労働新聞 2004年12月5日号 通信・投稿

三菱自動車

デタラメな経営陣に怒り

愛知 岩田 富男

■迷走する工場閉鎖問題

 労働新聞で三菱自動車岡崎工場の閉鎖問題がいろいろ報道されており、感心して読んでいます。
 その岡崎工場が、どうも閉鎖されないようです。三菱の「パジェロ」は子会社の「パジェロ製造」(岐阜県)と中国で生産していますが、中国生産をさらに強化することが10月15日に発表されました。現在、20%以下の中国の合弁会社の株保有を51%まで増やすそうです。
 そうなれば、「パジェロ製造」の労働者や岡崎工場から「パジェロ製造」に行った労働者はどうなるのでしょうか? またも、労働者は資本の身勝手な都合で、振り回されてしまうでしょう。
 そして、日産自動車が三菱自動車の小型車部門を買収しようとしています。それは、日産が株式の51%を保有する合弁会社をつくるというものです。そうなれば、小型車を生産している三菱自動車水島工場(岡山県)は、合弁会社の工場になります。結論は年内には出るそうですが。
 そうなると、三菱自動車には生産する工場がなくなってしまいます。京都・滋賀はエンジン工場ですので、自動車の生産はできません。その結果、岡崎工場に三菱車の生産が集約されるかもしれません。
 また、本社の京都移転も白紙になりそうです。東京から本社を移すと約1000人が会社を辞めるといわれており、そうなれば本社機能が維持できないそうです。これには、受け入れを表明した京都は怒っていると報道されています。それはそうでしょう。京都市や京都府は、公用車を三菱車にするとか、受け入れのためのさまざまな優遇措置などを発表してきたのですから。

■岡崎工場辞めた700人の無念

 何という戦略のなさ。もともと三菱の低迷は、会社上層部のリコール隠しが原因で、労働者には何の責任もありません。それどころか、冬のボーナスなし、賃金5%カットによって、生活が破壊されています。家のローンのある人は、だいたいボーナス時に何十万円も支払いがあります。そのため、冬のローンのめどが立たず、退職し、退職金で補てんした人もいると聞いています。
 また、三菱自動車に見切りをつけて退職した人、トヨタなどの近隣企業に応募した人など、700人もの労働者が岡崎工場を後にしました。
 岡崎工場が閉鎖されないとすると、辞めていった労働者は、一体何のために辞めたのか。
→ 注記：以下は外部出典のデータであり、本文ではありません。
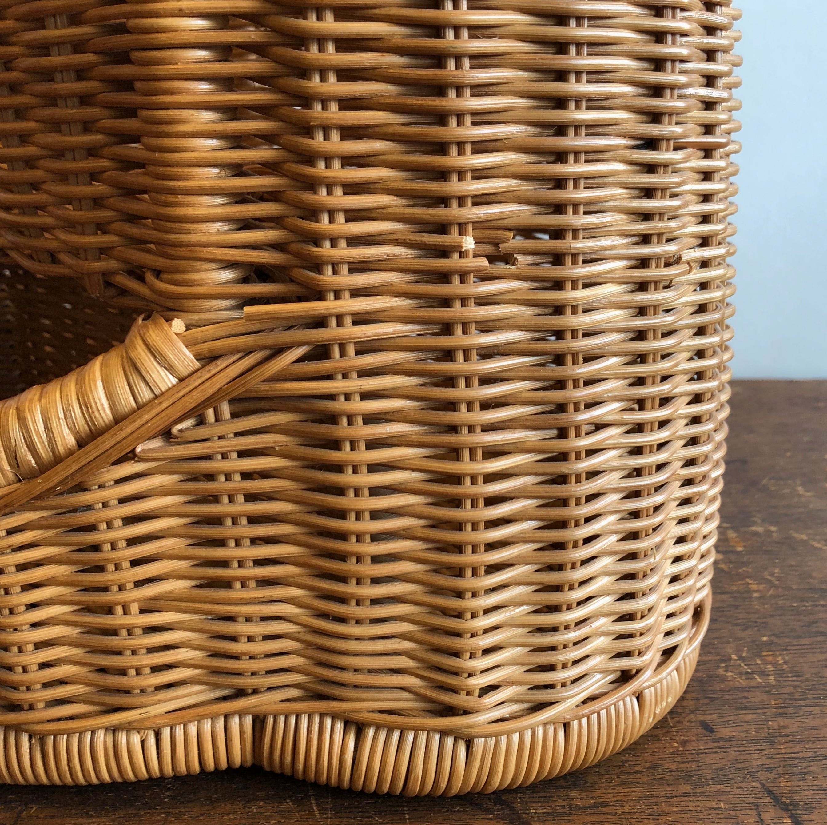 古いもののため、多少の擦れやラタンの折れ箇所など見られますが、しっかりとした作りで実用には問題ない状態です。古いものとご理解の上、お買い求めください。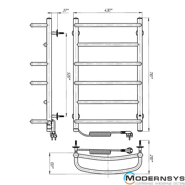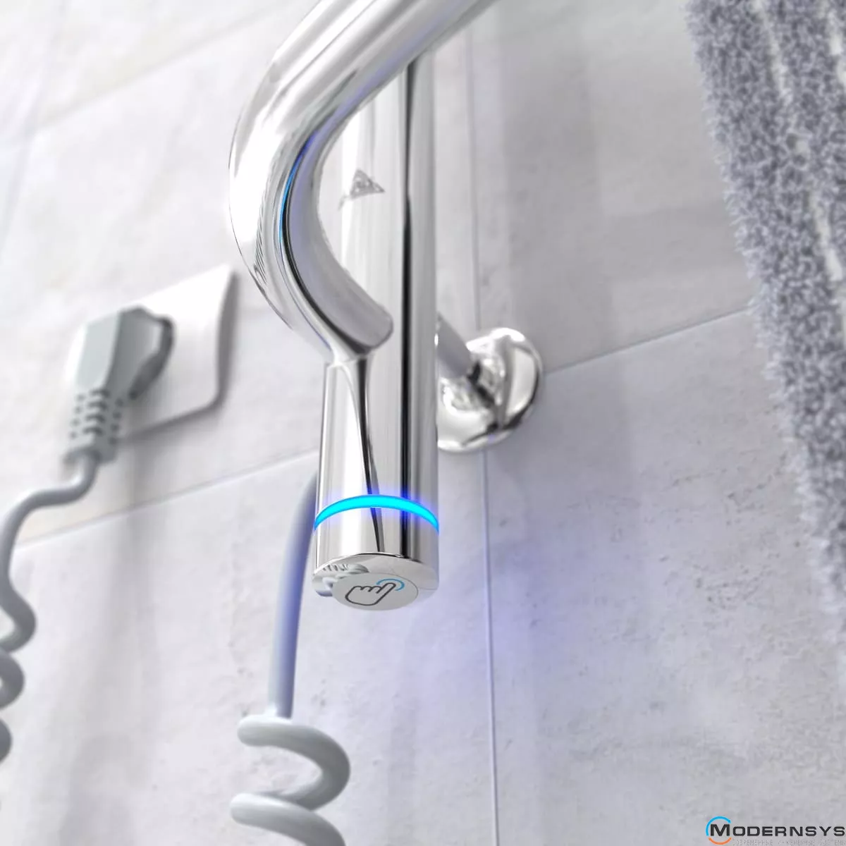 Весь полотенцесущитель изготовлен из высококачественной полированной нержавеющей стали AISI304. Блестящая поверхность изделия превосходно гармонирует с хромированной сантехникой, зрительно расширяя пространство, делая ванную комнату больше и светлее. Прибор оснащён евровилкой и скрученным кабелем питания предотвращающим провисание. Обращаем Ваше внимание, шнур питания расположен с левой или правой стороны полотенцесушителя.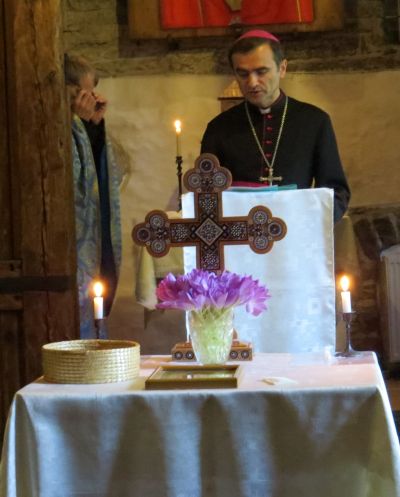 Piiskop Philippe Jourdan (fotol) pöördus kõigi koguduste ja inimeste poole sõnumiga, et palved Ukraina rahu eest on väga oodatud: vajame ja palume teie palveid Ukraina rahu eest.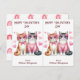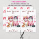 This cute Valentine postcard is designed to be easily cut into two cards. The image on each side is of two adorable tabby cats wearing heart shaped eyeglasses, and surrounded by pink hearts. All the text is easily customized. The back has a pattern of pink boho style rainbows and hearts. Perfect for elementary students to give to their friends at their school Valentine party, and economical, too! And teachers can also customize it to give out to students.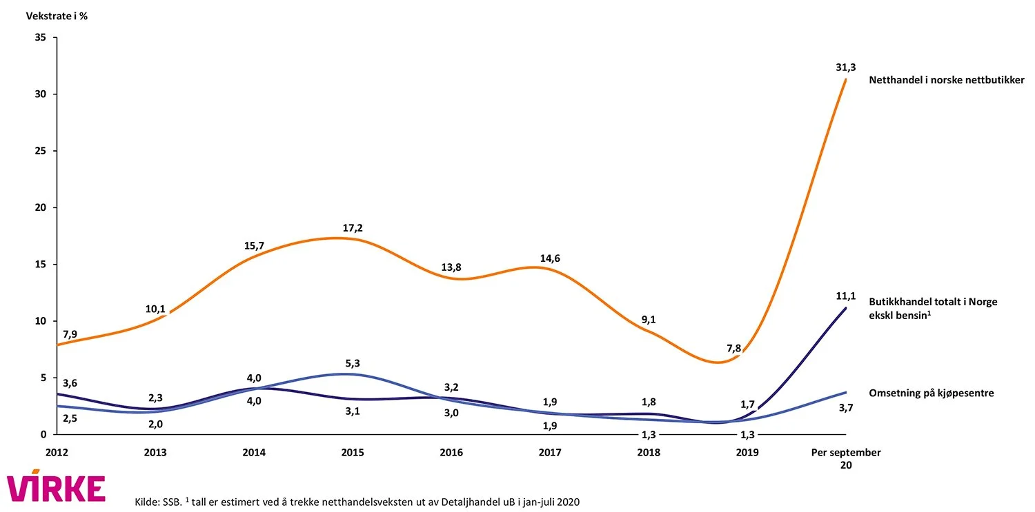 Siden pandemien traff oss i mars har tjenestesalget i Norge stupt, mens varesalget har eksplodert. For dagligvare, byggevare, sport, blomster og alkohol har det vært gode tider, og i denne veksten har netthandelen tatt store steg. Fra å ha en årlig vekstrate i 2019 på 7,8 prosent ligger vekstraten i år på 31,3 prosent, og det er ingenting som tyder på at det kommer til å avta med det første.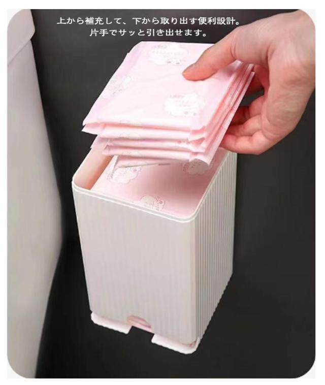 | 置いても、壁に付けても使える!見られたくないサニタリー用品をおしゃれに収納! 上から補充して、下から取り出す便利設計。片手でサッと引き出せます。 防水タイプの強力粘着フックが付属していますので、壁に取り付けができます。工具もいらず取り付けが簡単です。 容量が大きいのでティッシュやゴミ袋などの小物収納としても使用可能! | |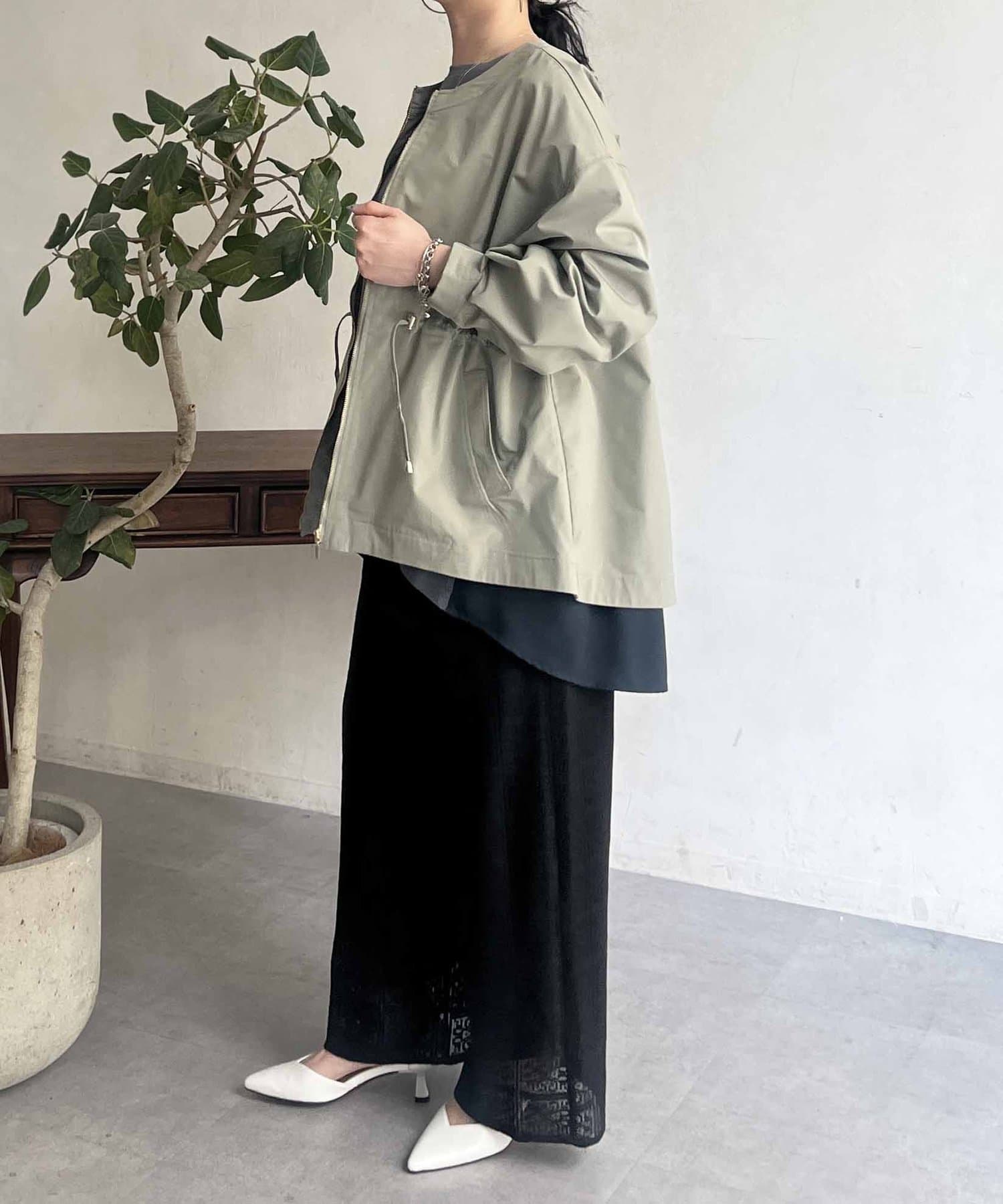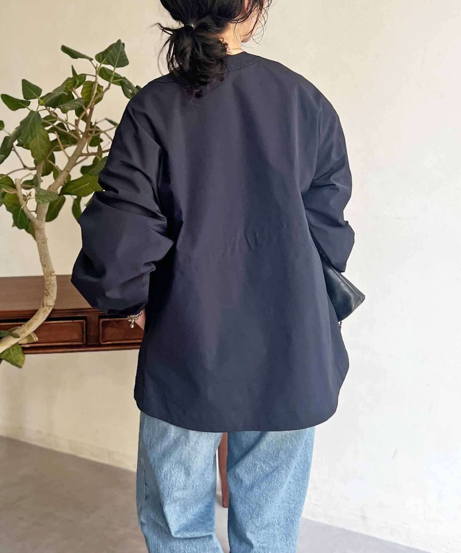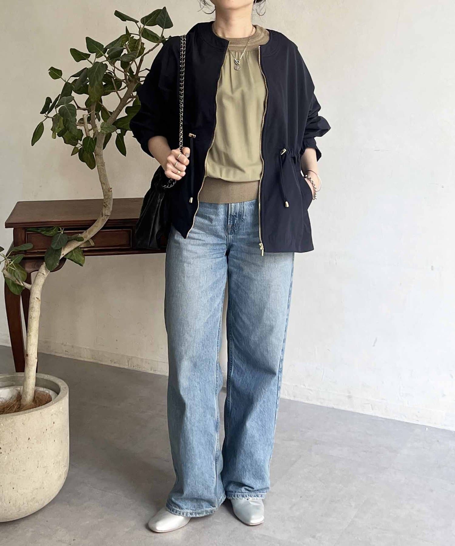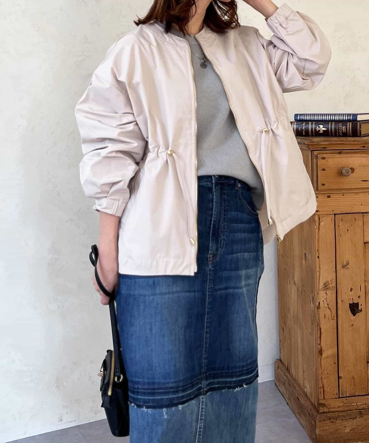 きれい見えもカジュアル見えも欲しい方におすすめのノーカラーブルゾンです。

会社の経営方針のデタラメさに腹が立ちます。まして、トヨタなど近隣企業を応募した人びとは、試用期間がだいたい年内いっぱいあります。それで採用されなかったら、どうなるのでしょうか。本当に頭に来る話です。
 なお、岡崎工場には、聴覚障害者30人が働いています。そのうち、10人が生産に携わっています。6月3日の社長との対話集会の時、障害者は自分たちの将来にかかわることなので、手話通訳を要望したのですが、会社側はそれを拒否しました。かれらの粘り強い要求で、7月26日の説明会から手話通訳がつきましたが、その間、聴覚障害者には情報伝達が放置される状態が続いたのです。企業内で、障害者が不公平な扱いを受けており、とんでもない話です。
 さらに、3年前、名古屋大江工場から配転させられた時、会社側は「今後は配転はない」と説明していました。障害者の中には「だまされた」と思った人も多くいると聞いています。
 経営陣の失敗で、職場を追われた労働者、三菱に振り回される下請け・関連企業とそこの働く労働者のことなど、どれを見ても、すべて責任は三菱の経営者にあります。こんなデタラメを許せば、労働者は生きていけません。
 三菱資本の横暴を許さず、引き続き地域の労働者が三菱問題で闘っていくことを強く願っています。